Document Style Semantics and Specification Language (DSSSL) is described in Draft International Standard ISO/IEC 10179 [ISO, 1995]. The draft DSSSL proposes a generalized transformation method between different types of document structures as well as enables semantic prosessing of documents.
DSSSL may be used with SGML but is not restricted to it. It, unlike SGML, will offer a way to describe the visual document layout produced by the pagination process, i.e. the placement of articles, sizes, fonts etc. This description in turn may be interpreted by future DSSSL-conforming visualizing tools or printing systems.
There exist several tools to support manual design of pages, such as PageMaker, FrameMaker and the PDF-format of Adobe.
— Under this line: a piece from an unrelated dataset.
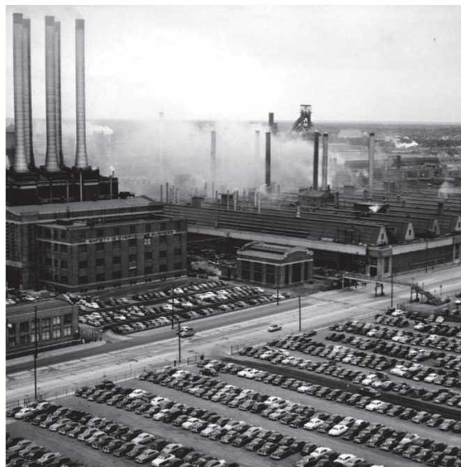
Factoría en Detroit

In addition, there are tools and methods for publishing on the Internet, which require a lot of interactive design: HyperText document description language HTML used as the basis of World Wide Web (WWW) documents (see section 2.3.1 for further details of HTML and WWW), several different HTML-capable document browsers such as Netscape, Mosaic, Lynx and HotJava, editors supporting the writing of HTML-documents etc.
There are not many tools for automatic pagination. However, in the past years some results have been obtained on this area at Technical Research Centre of Finland (VTT). The different versions of VIP (VTT's Intelligent Pagination) suit different kinds of pagination tasks: pagination of newspaper advertisement sections (see Ylä-Jääski and Ahonen, 1990), yellow page phone directories, prototypic pagination of editorial material of newspapers delivered by fax (VIPÊ , see Veijonen et al., 1994 and section 5.3). Of these, the yellow page application is in production use in Pindar Set (Great Britain), in Turun Sanomat (Finland), and the newspaper advertisement application is used in Dagens Nyheter (Sweden) and in Nederlandse Dagbladunie (Netherlands).
For automatic design of article layout, a prototype and method has been designed by [Kukkonen, 1992] and integrated into Grafimedia's Marita publishing system. According to [Kukkonen, 1992], given the width of the article as number of columns, the prototype is able to design an article layout that fills the usual design criteria of newspapers, and produces at least as good article layouts as professionals. The ability to design an article layout for the given textual content and article width forms a part of the basis for the automatic design of whole page layouts of editorial material.